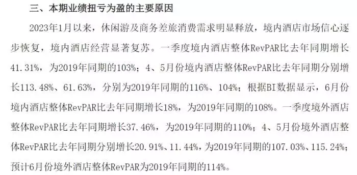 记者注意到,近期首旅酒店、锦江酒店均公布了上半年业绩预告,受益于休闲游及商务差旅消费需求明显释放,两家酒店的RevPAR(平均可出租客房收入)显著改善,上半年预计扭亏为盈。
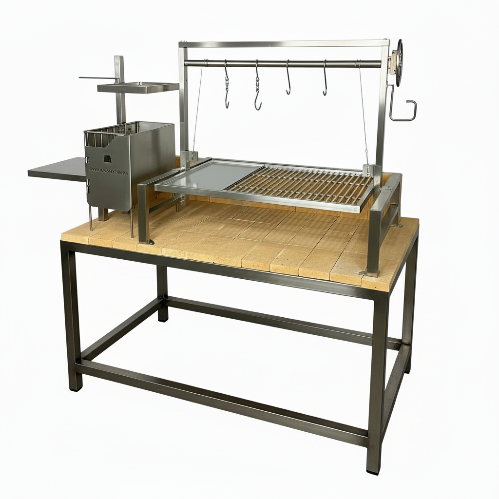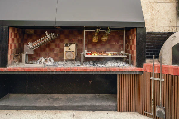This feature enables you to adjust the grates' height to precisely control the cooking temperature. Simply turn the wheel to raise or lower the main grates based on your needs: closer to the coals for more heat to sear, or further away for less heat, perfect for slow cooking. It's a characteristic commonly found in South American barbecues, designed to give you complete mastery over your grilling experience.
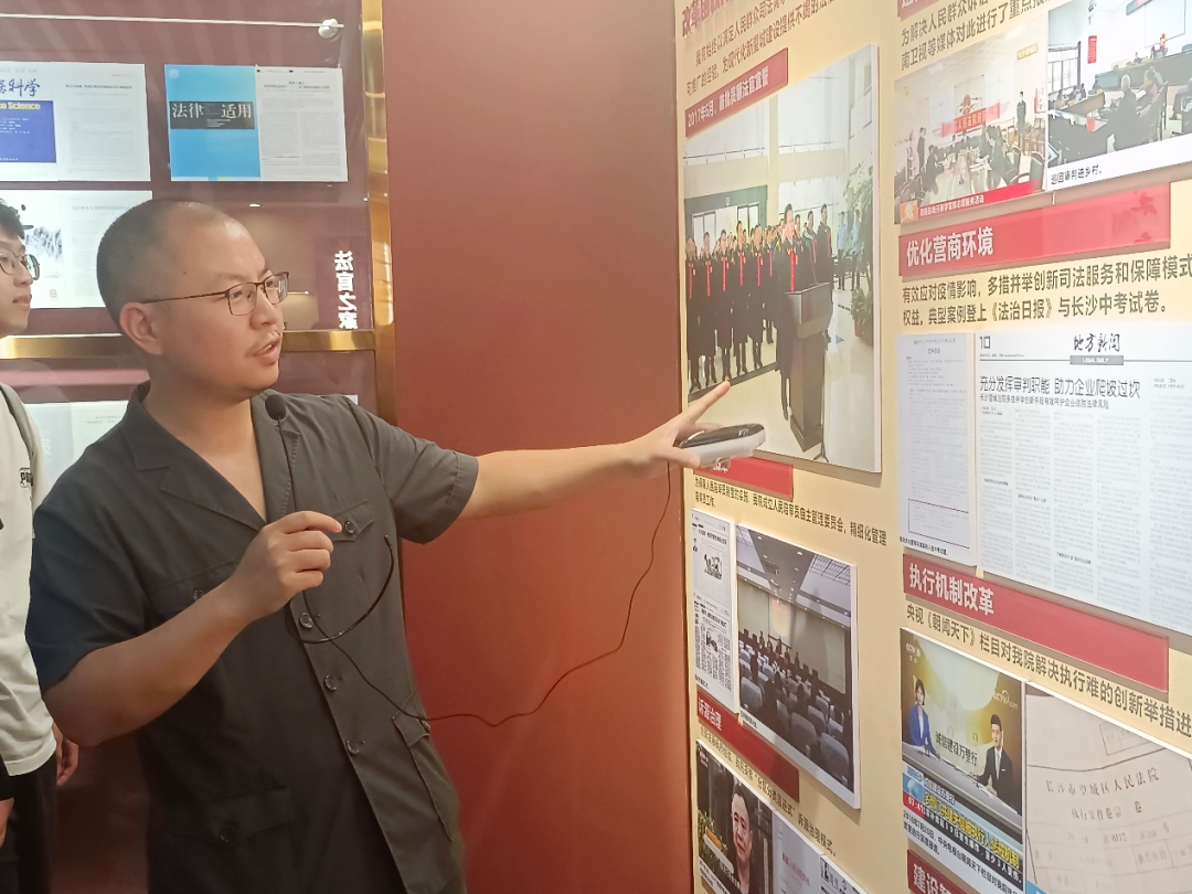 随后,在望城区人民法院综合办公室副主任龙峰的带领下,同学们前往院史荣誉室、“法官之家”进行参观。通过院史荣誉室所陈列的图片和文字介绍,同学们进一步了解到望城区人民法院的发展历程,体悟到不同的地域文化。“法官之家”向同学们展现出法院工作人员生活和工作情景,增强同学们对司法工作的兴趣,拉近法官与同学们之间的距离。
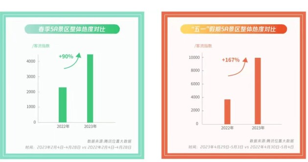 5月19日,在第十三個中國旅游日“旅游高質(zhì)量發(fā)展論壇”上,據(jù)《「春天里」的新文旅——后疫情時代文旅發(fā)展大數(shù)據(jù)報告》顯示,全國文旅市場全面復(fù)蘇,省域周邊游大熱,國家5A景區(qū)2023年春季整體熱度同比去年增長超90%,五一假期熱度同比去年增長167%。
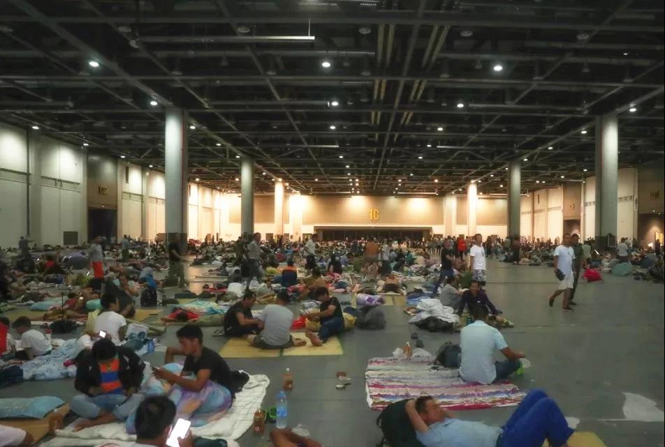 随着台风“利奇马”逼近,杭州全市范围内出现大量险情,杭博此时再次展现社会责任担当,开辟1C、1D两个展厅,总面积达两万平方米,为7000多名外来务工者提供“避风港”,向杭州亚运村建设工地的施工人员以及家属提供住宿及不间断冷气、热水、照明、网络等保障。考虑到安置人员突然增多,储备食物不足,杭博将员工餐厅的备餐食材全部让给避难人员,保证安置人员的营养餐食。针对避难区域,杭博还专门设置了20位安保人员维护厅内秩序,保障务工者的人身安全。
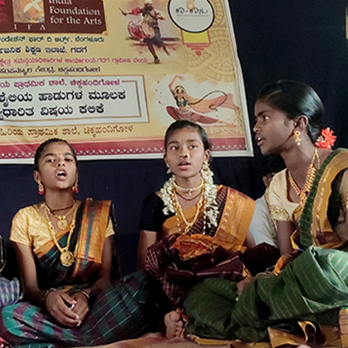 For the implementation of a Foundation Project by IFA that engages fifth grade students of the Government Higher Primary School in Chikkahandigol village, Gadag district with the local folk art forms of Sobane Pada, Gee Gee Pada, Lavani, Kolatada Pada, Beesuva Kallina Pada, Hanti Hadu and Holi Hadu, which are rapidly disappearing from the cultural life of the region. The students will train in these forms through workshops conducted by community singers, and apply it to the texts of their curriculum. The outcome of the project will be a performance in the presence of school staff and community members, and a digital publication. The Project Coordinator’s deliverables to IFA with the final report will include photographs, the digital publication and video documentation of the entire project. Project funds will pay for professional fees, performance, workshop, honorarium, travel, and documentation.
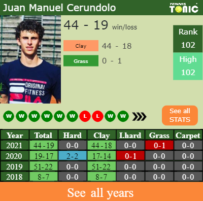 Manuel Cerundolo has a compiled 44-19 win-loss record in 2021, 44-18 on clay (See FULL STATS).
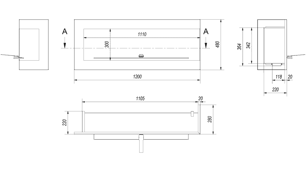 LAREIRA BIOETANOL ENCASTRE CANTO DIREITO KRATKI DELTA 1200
* * *
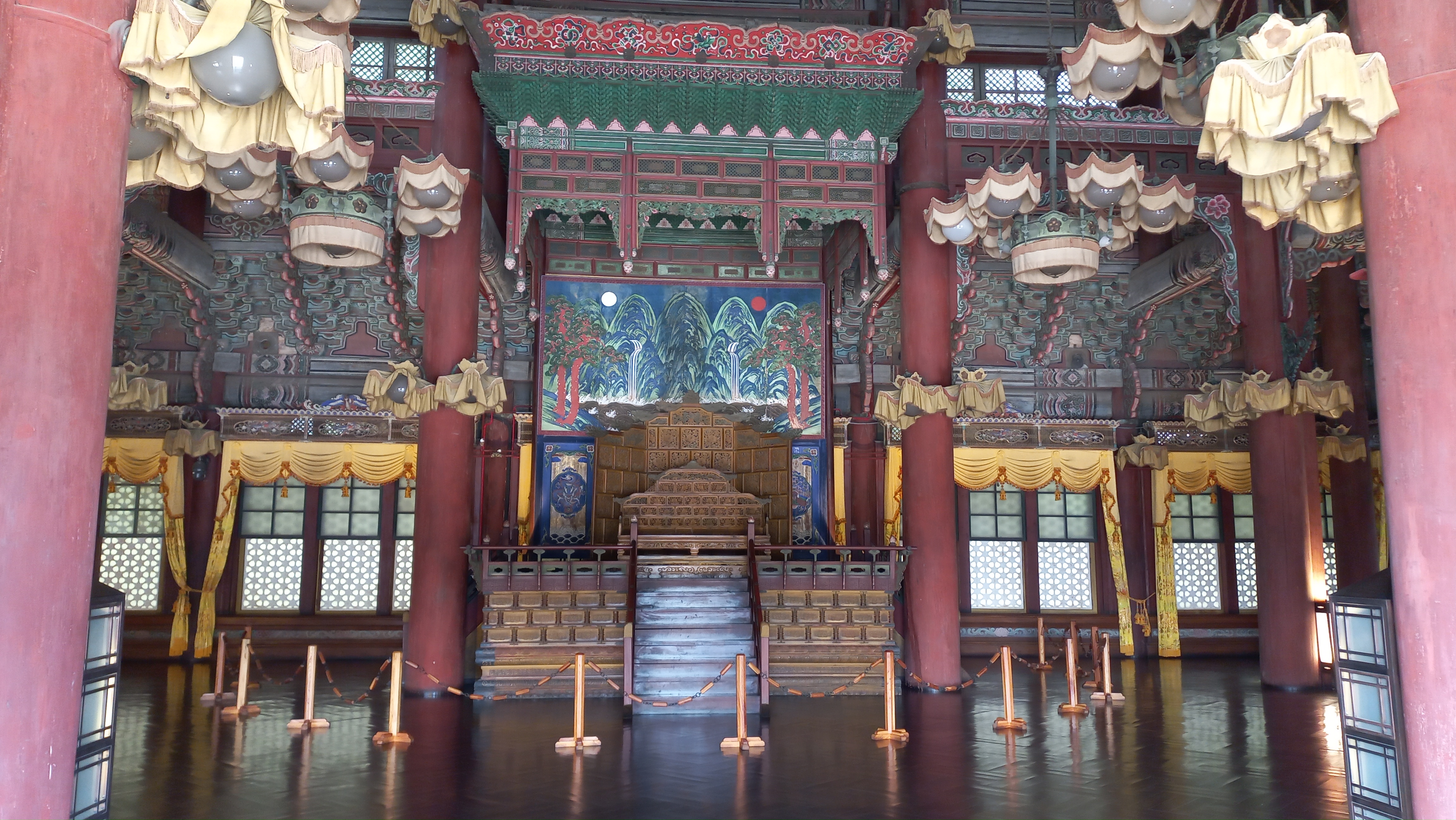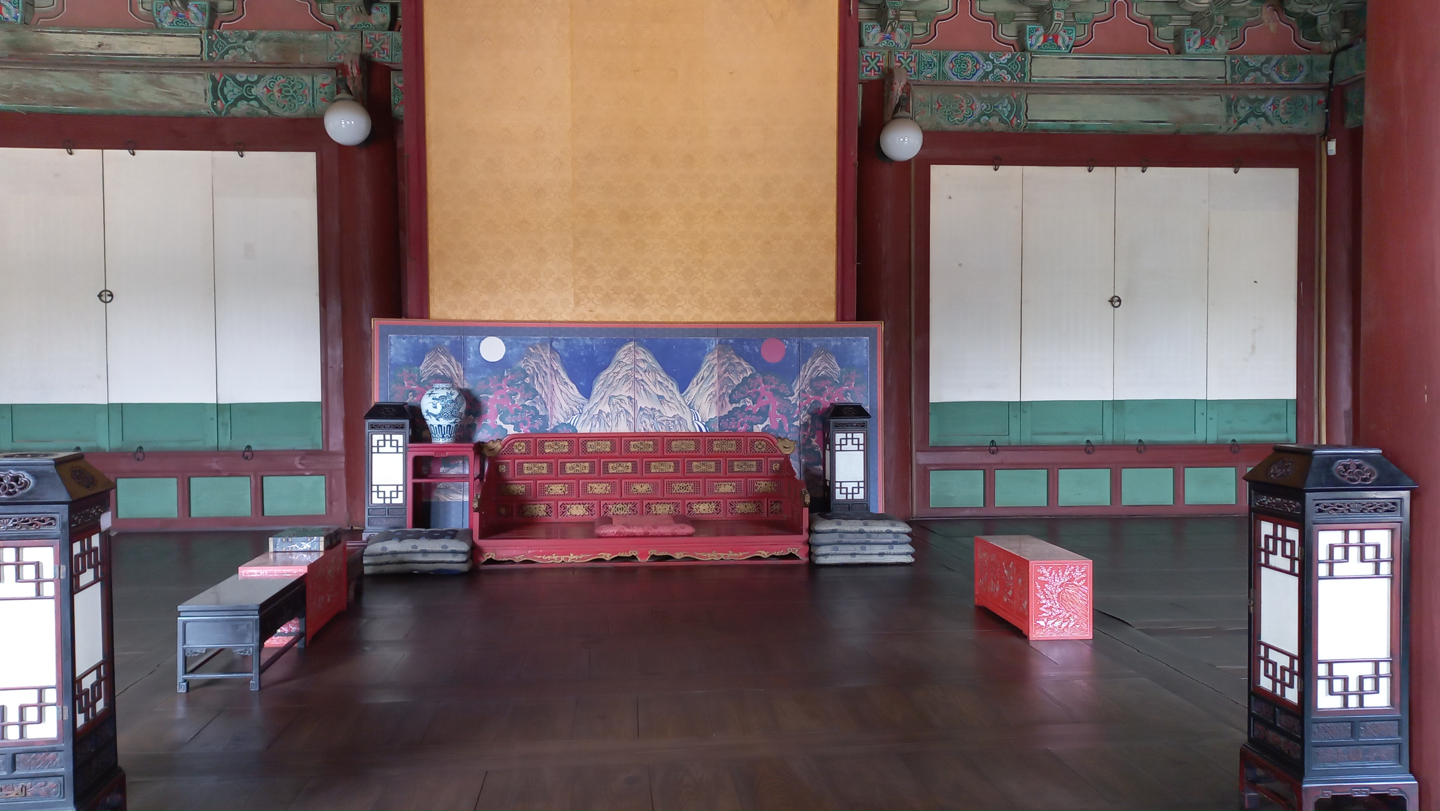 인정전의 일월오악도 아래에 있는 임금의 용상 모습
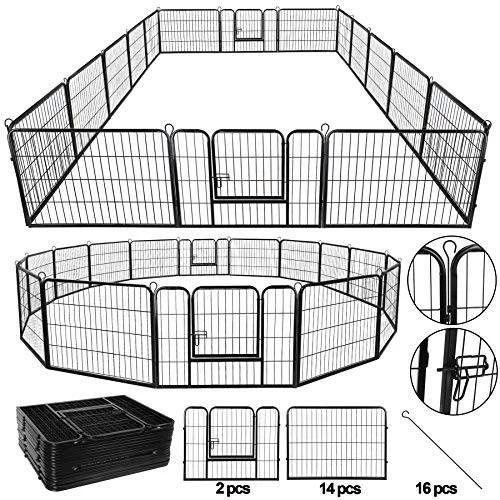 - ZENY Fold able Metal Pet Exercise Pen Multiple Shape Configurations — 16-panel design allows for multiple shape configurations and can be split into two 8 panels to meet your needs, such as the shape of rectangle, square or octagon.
...
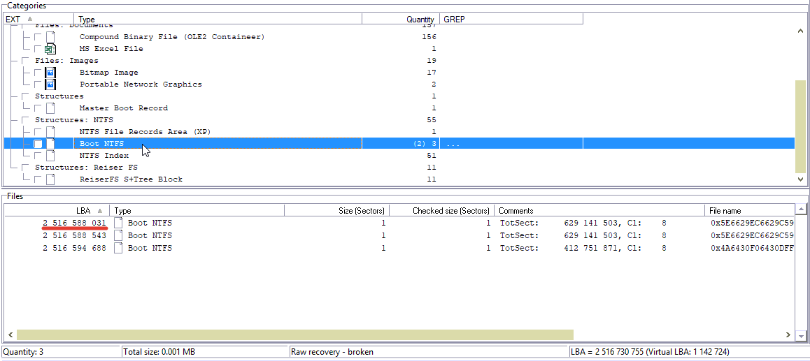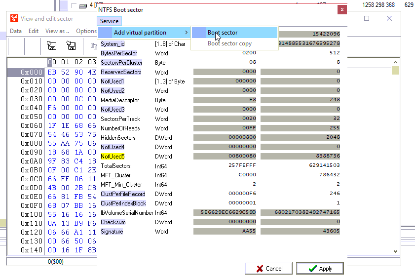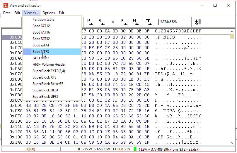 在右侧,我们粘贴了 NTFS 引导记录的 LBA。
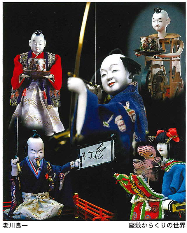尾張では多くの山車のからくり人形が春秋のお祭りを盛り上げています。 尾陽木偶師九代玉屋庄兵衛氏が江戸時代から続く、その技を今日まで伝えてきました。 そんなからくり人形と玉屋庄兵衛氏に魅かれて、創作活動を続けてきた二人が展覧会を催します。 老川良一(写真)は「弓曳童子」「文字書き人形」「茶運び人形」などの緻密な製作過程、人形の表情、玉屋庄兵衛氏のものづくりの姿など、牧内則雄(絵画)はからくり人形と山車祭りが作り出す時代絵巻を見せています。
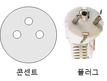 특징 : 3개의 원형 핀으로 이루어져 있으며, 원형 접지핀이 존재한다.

» **Your task**
The stretch above running from the line with "Manuel Cerundolo has" through the line with "LAREIRA BIOETANOL ENCASTRE" is all you should copy, exactly, leaving out the pictures.

» **Answer to this exercise**
 Manuel Cerundolo has a compiled 44-19 win-loss record in 2021, 44-18 on clay (See FULL STATS).
 LAREIRA BIOETANOL ENCASTRE CANTO DIREITO KRATKI DELTA 1200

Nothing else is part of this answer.